— Ха-ха-ха, — смеялся профессор.
— Пониже наклонитесь… я вам еще что-то покажу.
— Но ведь я и этого еще не видел…
— Это потом, — шептала Юли, — когда он привыкнет к вашим габаритам. Не нужно раздражать людей, Зени! Сейчас я покажу вам вон там, налево, у самой двери… только не оборачивайтесь!
Профессор опять расхохотался. — Да иначе как же покажешь?
— Это тоже потом, а сейчас я только расскажу. Там стоят молодые супруги…
— Откуда ты знаешь, что супруги? — весело спросил профессор.
— Вижу, у нее на пальце обручальное кольцо… И потом они утром, перед тем как ехать, поссорились.
— Но откуда же ты можешь это знать? — уже громко хохотал профессор.
— Такие молодые супруги всегда ссорятся, — шептала Юли, — когда собираются в воскресенье на прогулку… Не смейтесь так громко!.. Я знаю одну похожую пару, так они каждое воскресенье по утрам друг другу в волосы вцепляются.

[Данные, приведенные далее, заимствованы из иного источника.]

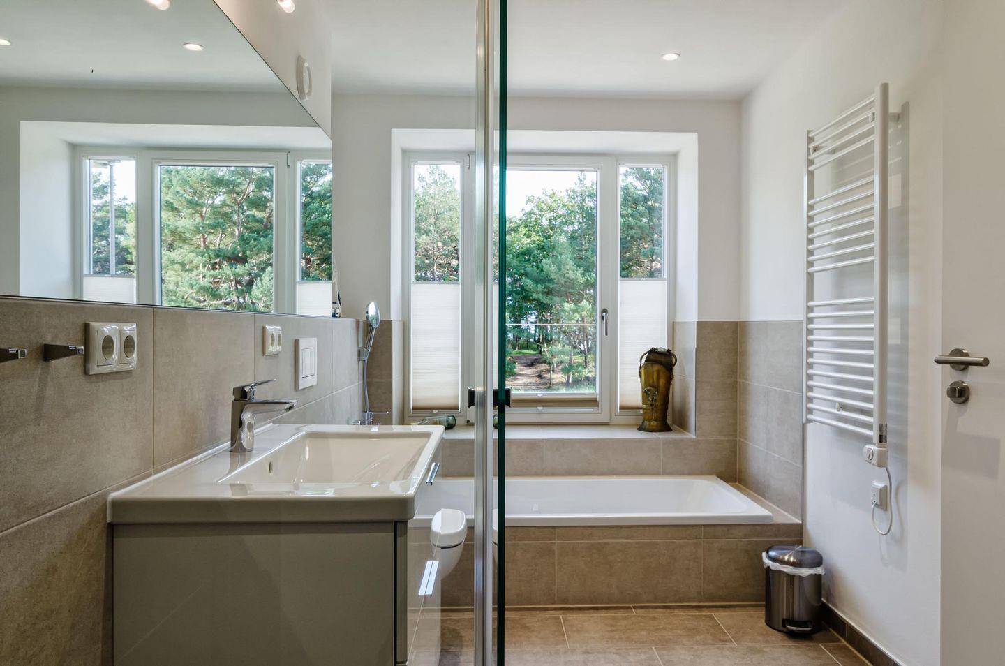 - Badezimmer 1: Badezimmer mit Dusche und Badewanne, Haartrockner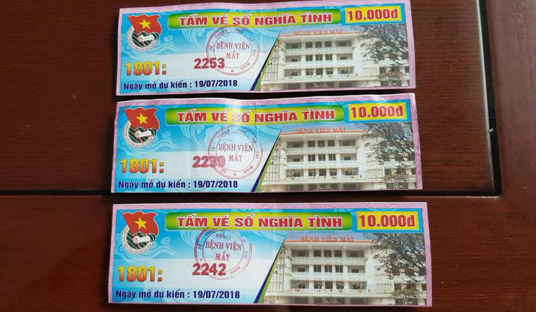 Trên mỗi tấm vé số được bệnh viện phát hành với giá 10.000 đồng, có in dòng chữ “tấm vé số nghĩa tình” cùng hình, con dấu của bệnh viện Mắt TP và huy hiệu đoàn TNCS HCM.

Профессор удивился. — Зачем же они тогда на прогулку едут?
— Вам этого не понять, — смеялась Юли. — Ой, не надо оборачиваться, эта женщина смотрит сюда. Совсем махонькая молоденькая женщина, беленькая и сдобная, словно только что из печи вынули. Глаза у нее большущие, голубые, но она сейчас такая сердитая, что даже поглупела… Наверное, укладчица в типографии.
— Это-то откуда тебе известно? — удивился профессор.
— А ее муж, пожалуй что, печатник, — шептала Юли. — Наверняка в одной типографии работают. Когда знаешь рабочих, примерно можно догадаться, у кого какая профессия.
Профессор удивился еще больше. — Ты-то откуда их знаешь?
— Из дому еще, из Печа, — сказала Юли. — Да и в Пеште я четыре года на Андялфёльде жила… Ну вот, теперь… муж стоит позади жены и очень хочет помириться, надоело ему ссориться. Вот потеха!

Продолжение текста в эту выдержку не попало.